WORK ITEM:
Each line of the data is to be output verbatim, with the images removed.

DATA FOR PROCESSING START

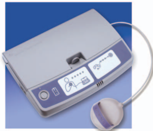
Medtronic CareLink e Antena

Os cuidados de acompanhamento permitem ao seu médico aceder à informação mais recente emitida pelo seu dispositivo para assegurar que o mesmo continua a prestar o melhor tratamento para a condição do seu coração. O acompanhamento à distância utilizando o Serviço da Medtronic CareLink podem contribuir para facilitar a obtenção dos cuidados que necessita. Para algumas pessoas, isto significa menos visitas ao consultório médico e menos tempo perdido deslocando-se de casa para a clínica/consultório e vice-versa – tempo esse que pode ser usado para DESFRUTAR DA VIDA! O envio de informações para a sua clínica/consultório é um processo rápido, conveniente e pode ser efectuado utilizando uma linha de telefone padrão de onde quer que se encontre nos Estados Unidos, Alasca ou Havai.
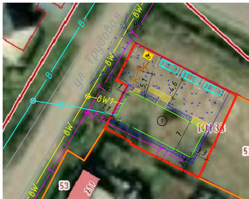
Схема планировочной организации земельного участка М 1:500
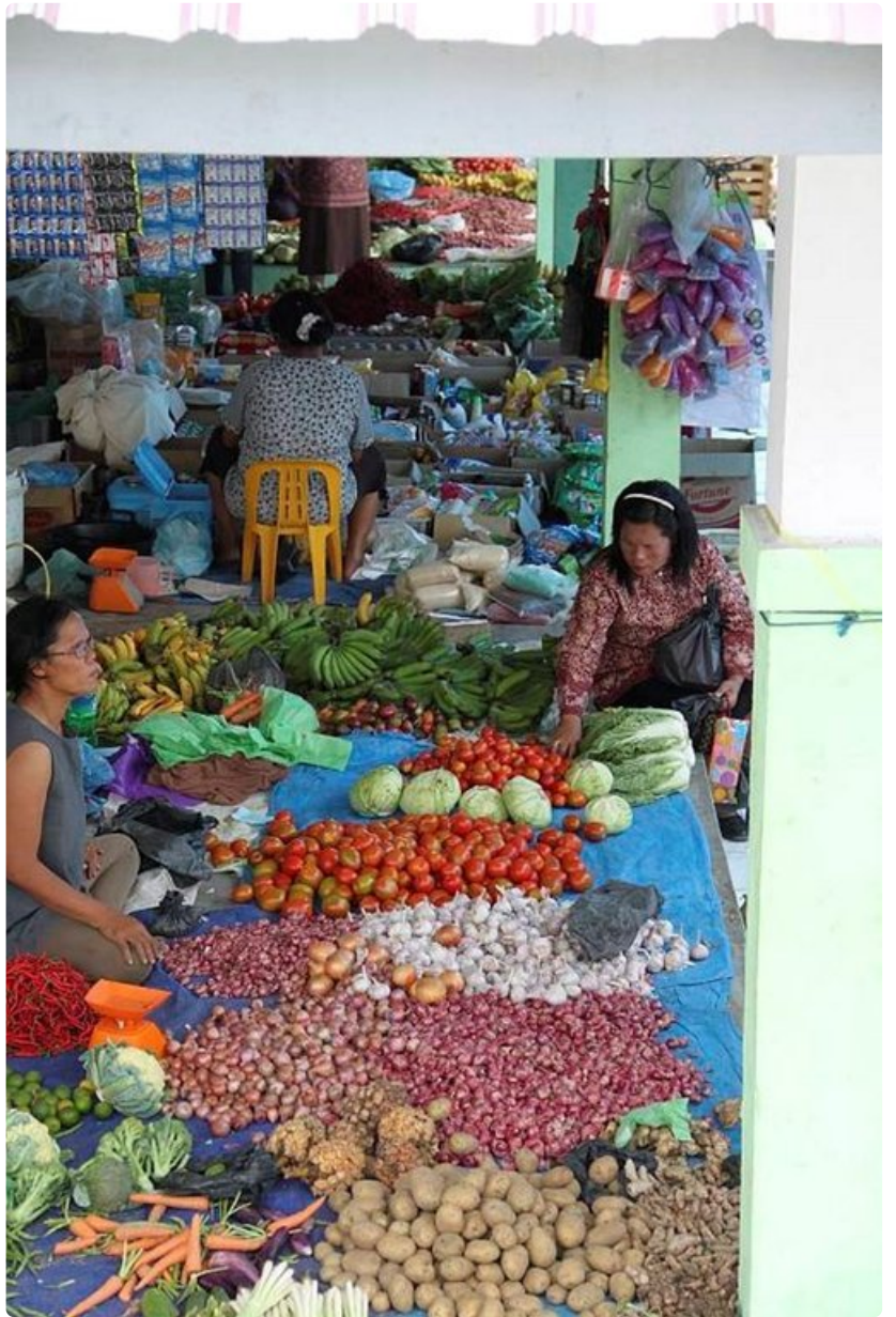
Tuoreiden hedelmien ja vihannesten väriiloista markkinoilla.
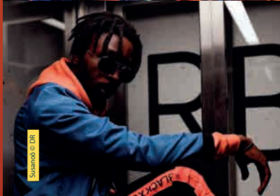
Susanoô
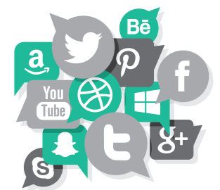
SNS 마케팅 SNS MARKETING
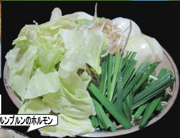
プルプルのホルモン
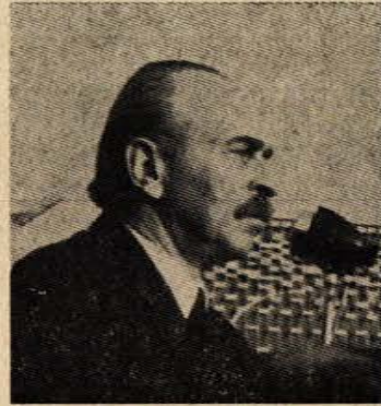
SP Genel Başkanı M. Ali Aybar.

Bu bakımdan 1 Mayıs'ın tarihsel önemi geleneksel ve pratik olduğu kadar, ona bu niteliği kazandıran esas anlamının bilimsel karakteridir.
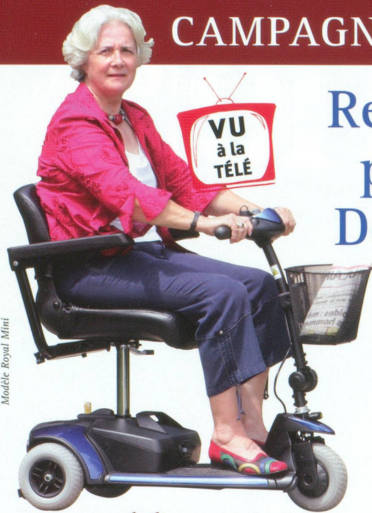
Modèle Royal Mini
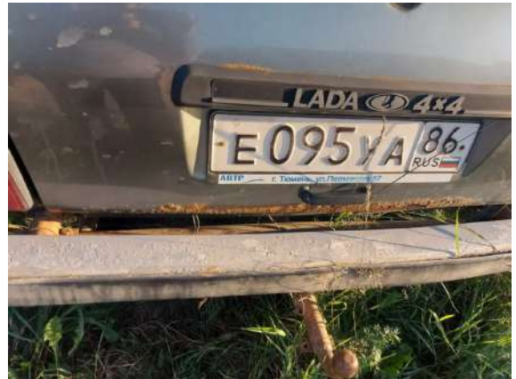
Фото №12. Дефекты эксплуатации
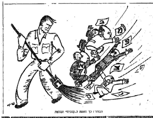
איור 5: קריקטורה נגד מפלגות הקואליציה באסיפת הנבחרים הרביעית. חרות, 21.1.1949, עמ' 5
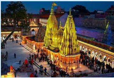
Kashi Vishwanath Temple, Varanasi, India

- Visite de la Kashi Vishwanath Temple , l'un des temples les plus sacrés de l'hindouisme, réputé pour son architecture.
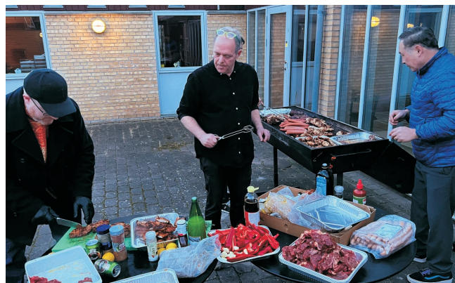
Aftenens menu bestod af en bred vifte af kødvarer tilberedt over de glødende grillkul af de tre mesterkokke.
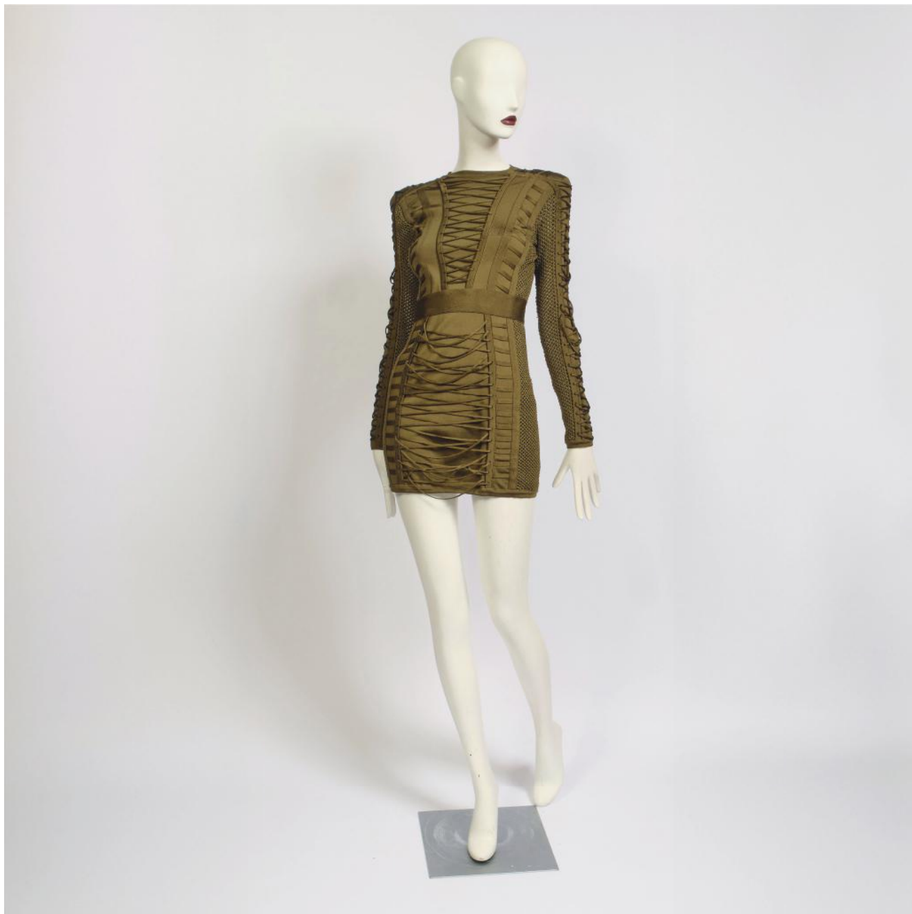
145. *BALMAIN X Olivier Rousteing Iconique robe "Army" en maille kaki lacée. Griffe noire, graphisme blanc. T.38.
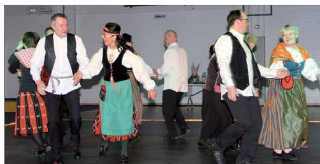
Iijoen tanssijoiden "Hyssyn myssyn".
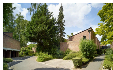
Maisons à patio. Les volumes bâtis et les sinuosités des venelles épousent le léger relief du terrain. Architecture et végétation sont intimement mêlées et composent un paysage original.
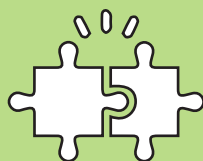
MISE EN COMPATIBILITÉ DU P.L.U.
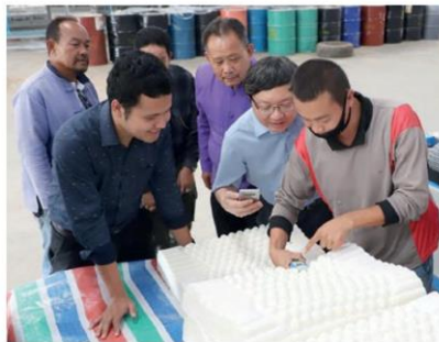
เอ็มเค สรรวจการใช้นวัตกรรมในโรงงานหมอนของชุมชนสหกรณ์

DATA FOR PROCESSING END

SOLUTION TO THIS PROBLEM:
Medtronic CareLink e Antena

Os cuidados de acompanhamento permitem ao seu médico aceder à informação mais recente emitida pelo seu dispositivo para assegurar que o mesmo continua a prestar o melhor tratamento para a condição do seu coração. O acompanhamento à distância utilizando o Serviço da Medtronic CareLink podem contribuir para facilitar a obtenção dos cuidados que necessita. Para algumas pessoas, isto significa menos visitas ao consultório médico e menos tempo perdido deslocando-se de casa para a clínica/consultório e vice-versa – tempo esse que pode ser usado para DESFRUTAR DA VIDA! O envio de informações para a sua clínica/consultório é um processo rápido, conveniente e pode ser efectuado utilizando uma linha de telefone padrão de onde quer que se encontre nos Estados Unidos, Alasca ou Havai.
Схема планировочной организации земельного участка М 1:500
Tuoreiden hedelmien ja vihannesten väriiloista markkinoilla.
Susanoô
SNS 마케팅 SNS MARKETING
プルプルのホルモン
SP Genel Başkanı M. Ali Aybar.

Bu bakımdan 1 Mayıs'ın tarihsel önemi geleneksel ve pratik olduğu kadar, ona bu niteliği kazandıran esas anlamının bilimsel karakteridir.
Modèle Royal Mini
Фото №12. Дефекты эксплуатации
איור 5: קריקטורה נגד מפלגות הקואליציה באסיפת הנבחרים הרביעית. חרות, 21.1.1949, עמ' 5
Kashi Vishwanath Temple, Varanasi, India

- Visite de la Kashi Vishwanath Temple , l'un des temples les plus sacrés de l'hindouisme, réputé pour son architecture.
Aftenens menu bestod af en bred vifte af kødvarer tilberedt over de glødende grillkul af de tre mesterkokke.
145. *BALMAIN X Olivier Rousteing Iconique robe "Army" en maille kaki lacée. Griffe noire, graphisme blanc. T.38.
Iijoen tanssijoiden "Hyssyn myssyn".
Maisons à patio. Les volumes bâtis et les sinuosités des venelles épousent le léger relief du terrain. Architecture et végétation sont intimement mêlées et composent un paysage original.
MISE EN COMPATIBILITÉ DU P.L.U.
เอ็มเค สรรวจการใช้นวัตกรรมในโรงงานหมอนของชุมชนสหกรณ์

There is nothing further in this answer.